_EXERCISE INSTRUCTIONS:_ Your output should be everything below from the line containing "Kdyby investor vložil" down to the line containing "- 千万别选【中断请求信号】", both ends included, copied exactly, with pictures left out.

_RAW DATA:_
● ● ● ●
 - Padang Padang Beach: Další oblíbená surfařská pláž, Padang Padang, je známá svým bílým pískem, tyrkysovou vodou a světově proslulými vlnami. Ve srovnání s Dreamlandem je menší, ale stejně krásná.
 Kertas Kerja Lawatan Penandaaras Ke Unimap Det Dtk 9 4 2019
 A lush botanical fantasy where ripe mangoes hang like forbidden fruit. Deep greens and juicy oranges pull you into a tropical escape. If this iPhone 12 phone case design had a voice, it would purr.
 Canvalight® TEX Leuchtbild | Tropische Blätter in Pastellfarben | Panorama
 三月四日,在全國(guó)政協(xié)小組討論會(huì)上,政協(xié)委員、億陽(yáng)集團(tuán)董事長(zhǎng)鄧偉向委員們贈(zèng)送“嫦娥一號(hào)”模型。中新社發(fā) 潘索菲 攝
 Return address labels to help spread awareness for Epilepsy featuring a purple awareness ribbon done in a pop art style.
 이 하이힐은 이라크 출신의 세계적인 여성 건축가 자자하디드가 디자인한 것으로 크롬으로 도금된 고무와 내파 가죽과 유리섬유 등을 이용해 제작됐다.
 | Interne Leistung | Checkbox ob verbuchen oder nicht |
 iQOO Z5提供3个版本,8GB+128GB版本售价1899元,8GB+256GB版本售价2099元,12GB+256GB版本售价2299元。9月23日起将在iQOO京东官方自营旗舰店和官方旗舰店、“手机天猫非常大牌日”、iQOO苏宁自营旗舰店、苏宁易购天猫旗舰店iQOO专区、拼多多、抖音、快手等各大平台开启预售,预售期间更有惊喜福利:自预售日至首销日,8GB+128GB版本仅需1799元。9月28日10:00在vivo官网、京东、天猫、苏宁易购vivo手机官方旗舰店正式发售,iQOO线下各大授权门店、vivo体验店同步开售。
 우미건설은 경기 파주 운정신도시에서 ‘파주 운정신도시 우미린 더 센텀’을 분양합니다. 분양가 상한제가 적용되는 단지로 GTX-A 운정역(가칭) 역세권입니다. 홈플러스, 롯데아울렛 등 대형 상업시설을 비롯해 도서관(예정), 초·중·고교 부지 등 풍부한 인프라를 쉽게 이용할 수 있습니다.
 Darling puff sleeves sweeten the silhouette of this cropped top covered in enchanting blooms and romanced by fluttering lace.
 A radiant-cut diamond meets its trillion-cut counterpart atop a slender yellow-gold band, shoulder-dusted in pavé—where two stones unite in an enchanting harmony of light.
● ● ● ●
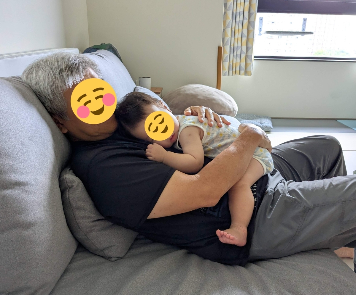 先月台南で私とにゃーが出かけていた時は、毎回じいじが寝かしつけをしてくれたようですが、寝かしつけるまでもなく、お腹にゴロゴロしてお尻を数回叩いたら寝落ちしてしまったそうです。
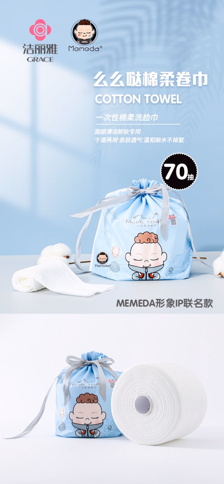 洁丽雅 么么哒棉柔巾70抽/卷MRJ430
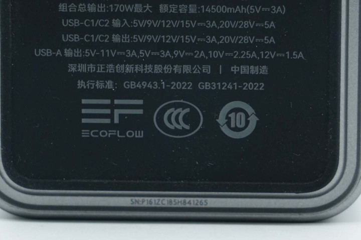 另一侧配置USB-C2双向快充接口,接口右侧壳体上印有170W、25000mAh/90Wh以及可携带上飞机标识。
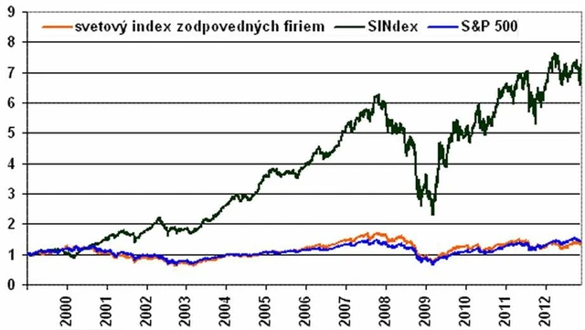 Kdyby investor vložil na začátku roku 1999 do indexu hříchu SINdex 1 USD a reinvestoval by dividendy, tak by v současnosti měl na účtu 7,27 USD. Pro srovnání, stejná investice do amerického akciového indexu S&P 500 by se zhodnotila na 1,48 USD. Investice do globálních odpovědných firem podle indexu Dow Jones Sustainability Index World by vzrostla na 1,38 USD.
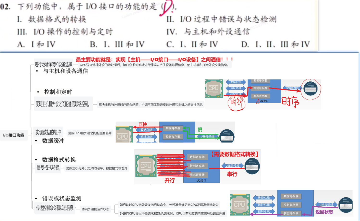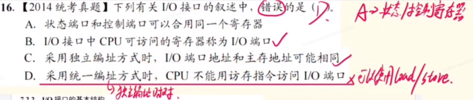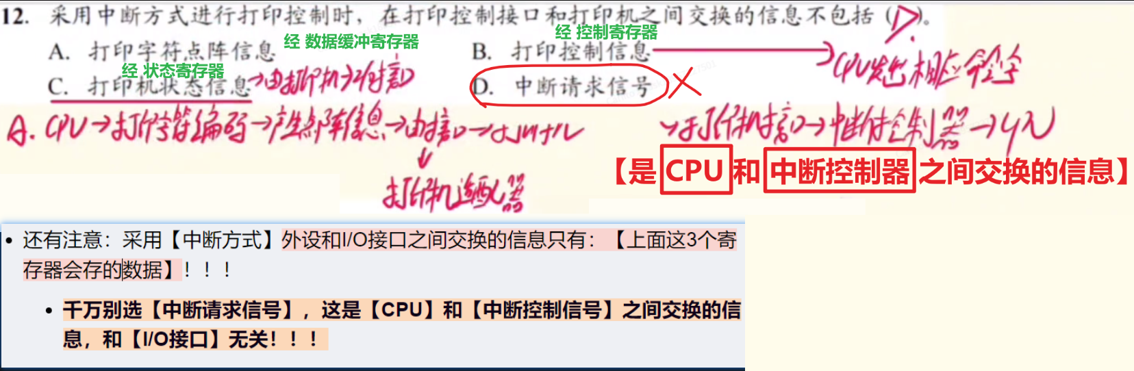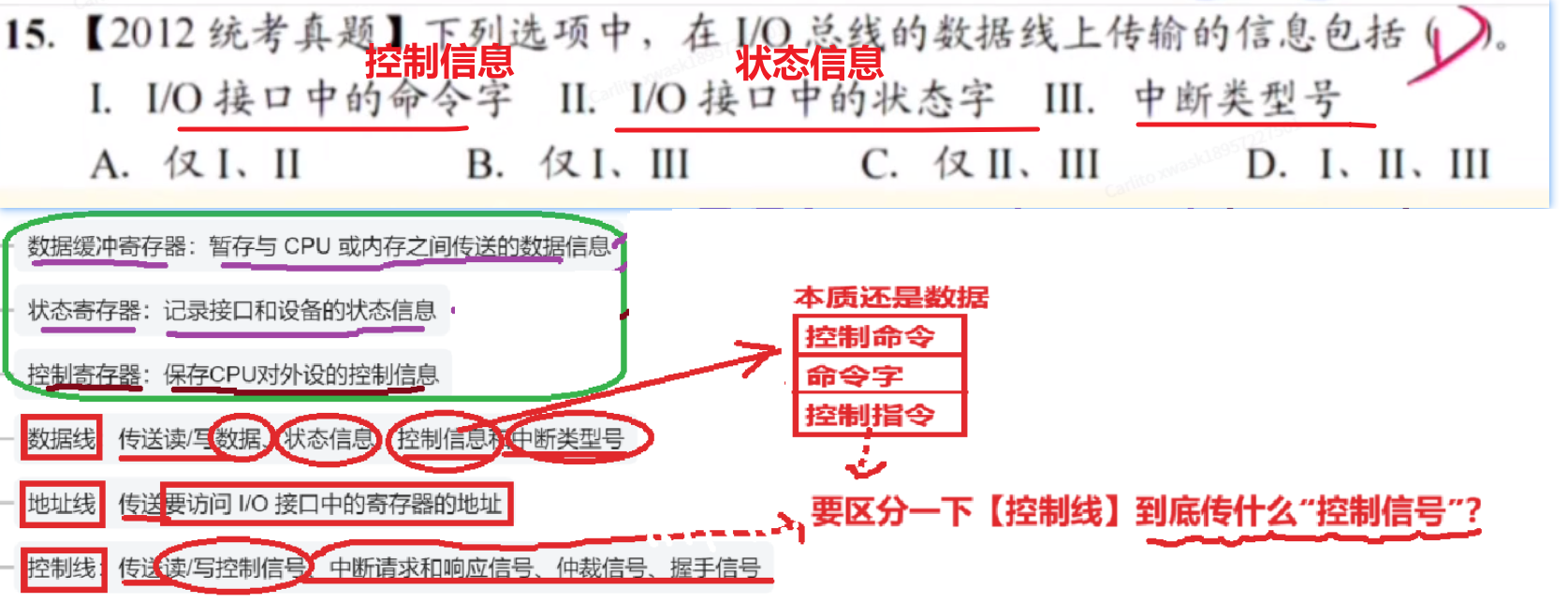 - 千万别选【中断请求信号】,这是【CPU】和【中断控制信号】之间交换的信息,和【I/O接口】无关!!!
● ● ● ●
_SOLUTION FOR THIS PROBLEM:_
 Kdyby investor vložil na začátku roku 1999 do indexu hříchu SINdex 1 USD a reinvestoval by dividendy, tak by v současnosti měl na účtu 7,27 USD. Pro srovnání, stejná investice do amerického akciového indexu S&P 500 by se zhodnotila na 1,48 USD. Investice do globálních odpovědných firem podle indexu Dow Jones Sustainability Index World by vzrostla na 1,38 USD.
 - 千万别选【中断请求信号】,这是【CPU】和【中断控制信号】之间交换的信息,和【I/O接口】无关!!!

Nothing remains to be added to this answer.